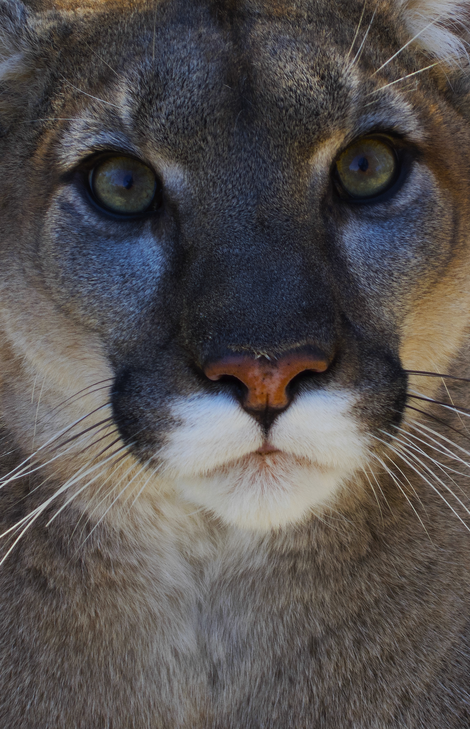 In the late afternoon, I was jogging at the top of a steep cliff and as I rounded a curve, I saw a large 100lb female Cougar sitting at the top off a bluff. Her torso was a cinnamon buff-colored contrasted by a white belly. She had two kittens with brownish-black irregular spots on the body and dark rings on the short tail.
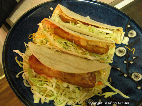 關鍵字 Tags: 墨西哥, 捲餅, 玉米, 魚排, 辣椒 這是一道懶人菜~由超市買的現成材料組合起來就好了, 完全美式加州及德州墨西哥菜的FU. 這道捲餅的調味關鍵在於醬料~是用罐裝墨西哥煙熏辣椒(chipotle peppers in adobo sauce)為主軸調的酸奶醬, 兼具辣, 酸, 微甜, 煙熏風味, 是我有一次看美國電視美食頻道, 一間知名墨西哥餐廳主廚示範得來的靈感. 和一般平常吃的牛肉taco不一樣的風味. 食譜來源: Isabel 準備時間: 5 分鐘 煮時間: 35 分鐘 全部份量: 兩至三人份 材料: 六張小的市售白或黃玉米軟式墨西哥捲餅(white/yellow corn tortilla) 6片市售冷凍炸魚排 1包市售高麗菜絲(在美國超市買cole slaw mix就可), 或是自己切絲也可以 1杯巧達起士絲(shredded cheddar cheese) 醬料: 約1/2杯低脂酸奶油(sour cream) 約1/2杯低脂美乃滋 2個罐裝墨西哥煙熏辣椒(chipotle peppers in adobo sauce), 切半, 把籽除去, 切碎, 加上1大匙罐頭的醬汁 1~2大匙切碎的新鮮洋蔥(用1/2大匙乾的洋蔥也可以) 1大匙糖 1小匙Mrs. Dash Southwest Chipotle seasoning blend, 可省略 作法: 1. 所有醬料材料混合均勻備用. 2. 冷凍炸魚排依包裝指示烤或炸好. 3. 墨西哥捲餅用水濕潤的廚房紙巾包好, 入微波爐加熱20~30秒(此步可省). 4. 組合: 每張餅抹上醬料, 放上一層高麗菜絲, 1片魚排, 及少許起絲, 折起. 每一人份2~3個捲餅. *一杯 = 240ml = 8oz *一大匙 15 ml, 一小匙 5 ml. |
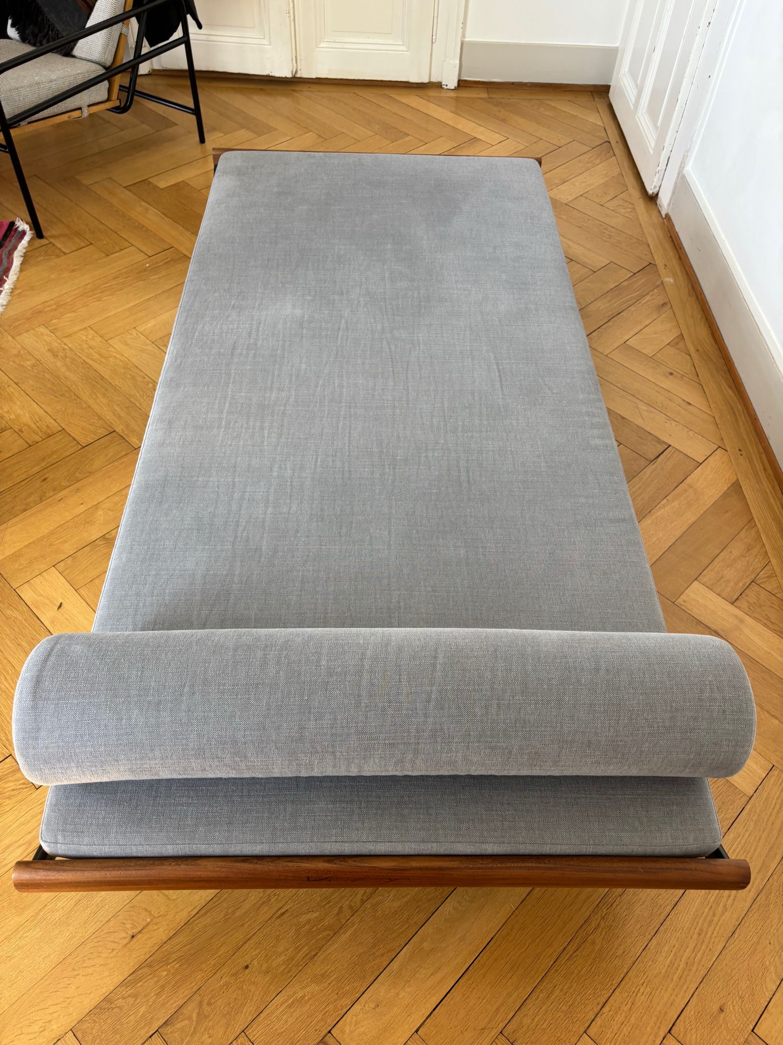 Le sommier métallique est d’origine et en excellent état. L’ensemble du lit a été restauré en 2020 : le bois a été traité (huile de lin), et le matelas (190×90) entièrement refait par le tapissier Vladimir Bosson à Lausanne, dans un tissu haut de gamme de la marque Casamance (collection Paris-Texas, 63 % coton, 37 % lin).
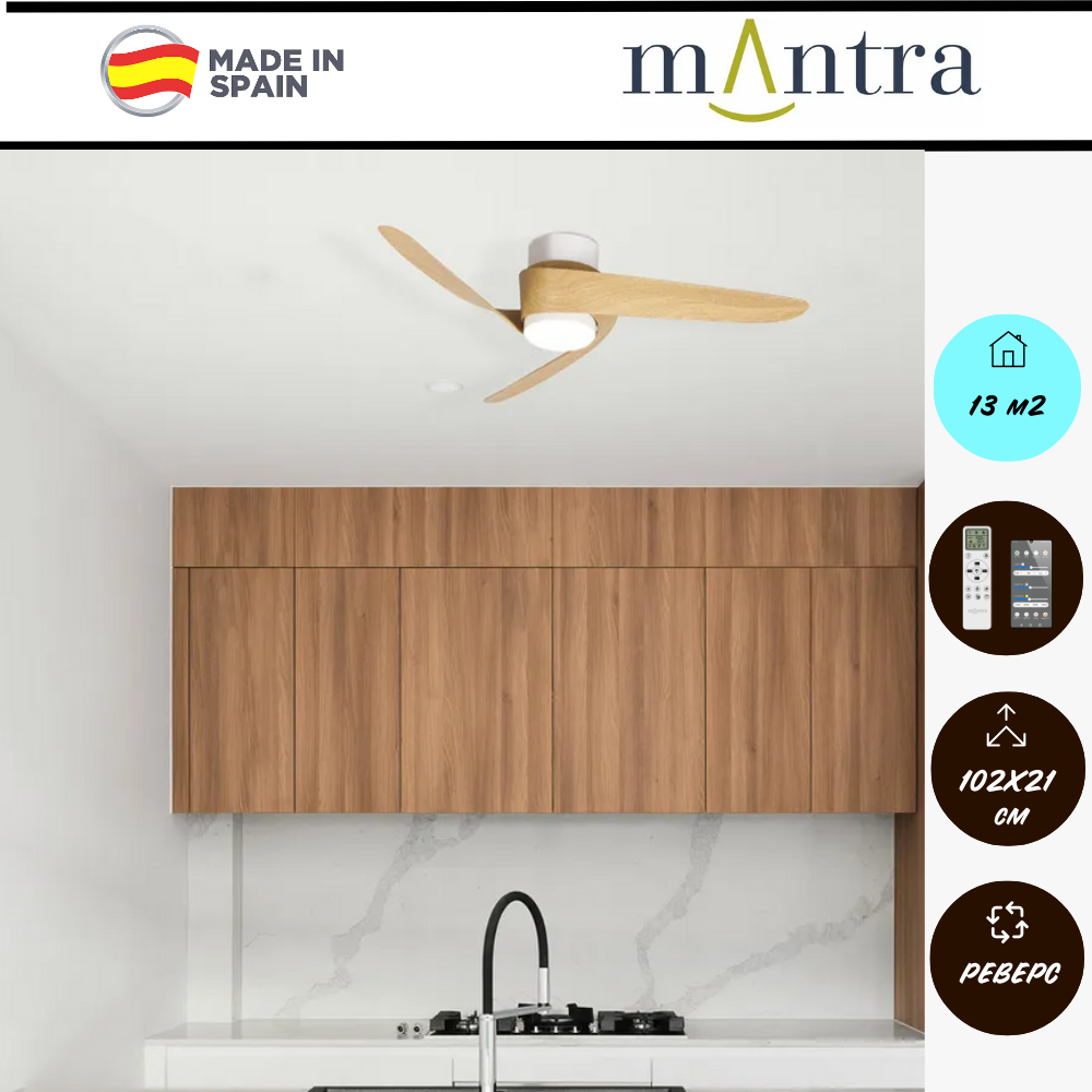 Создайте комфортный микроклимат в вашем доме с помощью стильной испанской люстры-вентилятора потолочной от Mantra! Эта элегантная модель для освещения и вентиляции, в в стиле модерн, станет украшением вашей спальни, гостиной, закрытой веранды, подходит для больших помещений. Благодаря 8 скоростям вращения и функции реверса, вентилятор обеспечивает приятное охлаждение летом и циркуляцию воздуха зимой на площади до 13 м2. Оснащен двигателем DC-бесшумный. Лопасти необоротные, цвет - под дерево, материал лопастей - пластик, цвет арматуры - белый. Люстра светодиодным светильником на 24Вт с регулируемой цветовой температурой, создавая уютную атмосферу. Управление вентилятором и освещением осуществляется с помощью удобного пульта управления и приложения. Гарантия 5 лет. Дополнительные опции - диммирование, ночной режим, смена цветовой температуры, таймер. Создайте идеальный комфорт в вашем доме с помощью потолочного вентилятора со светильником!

▸ **What you have to do**: What is needed is a verbatim copy of the lines running from the one with "Le sommier métallique" through the last line of the listing above, excluding any pictures.

▸ **Problem solution**:
 Le sommier métallique est d’origine et en excellent état. L’ensemble du lit a été restauré en 2020 : le bois a été traité (huile de lin), et le matelas (190×90) entièrement refait par le tapissier Vladimir Bosson à Lausanne, dans un tissu haut de gamme de la marque Casamance (collection Paris-Texas, 63 % coton, 37 % lin).
 Создайте комфортный микроклимат в вашем доме с помощью стильной испанской люстры-вентилятора потолочной от Mantra! Эта элегантная модель для освещения и вентиляции, в в стиле модерн, станет украшением вашей спальни, гостиной, закрытой веранды, подходит для больших помещений. Благодаря 8 скоростям вращения и функции реверса, вентилятор обеспечивает приятное охлаждение летом и циркуляцию воздуха зимой на площади до 13 м2. Оснащен двигателем DC-бесшумный. Лопасти необоротные, цвет - под дерево, материал лопастей - пластик, цвет арматуры - белый. Люстра светодиодным светильником на 24Вт с регулируемой цветовой температурой, создавая уютную атмосферу. Управление вентилятором и освещением осуществляется с помощью удобного пульта управления и приложения. Гарантия 5 лет. Дополнительные опции - диммирование, ночной режим, смена цветовой температуры, таймер. Создайте идеальный комфорт в вашем доме с помощью потолочного вентилятора со светильником!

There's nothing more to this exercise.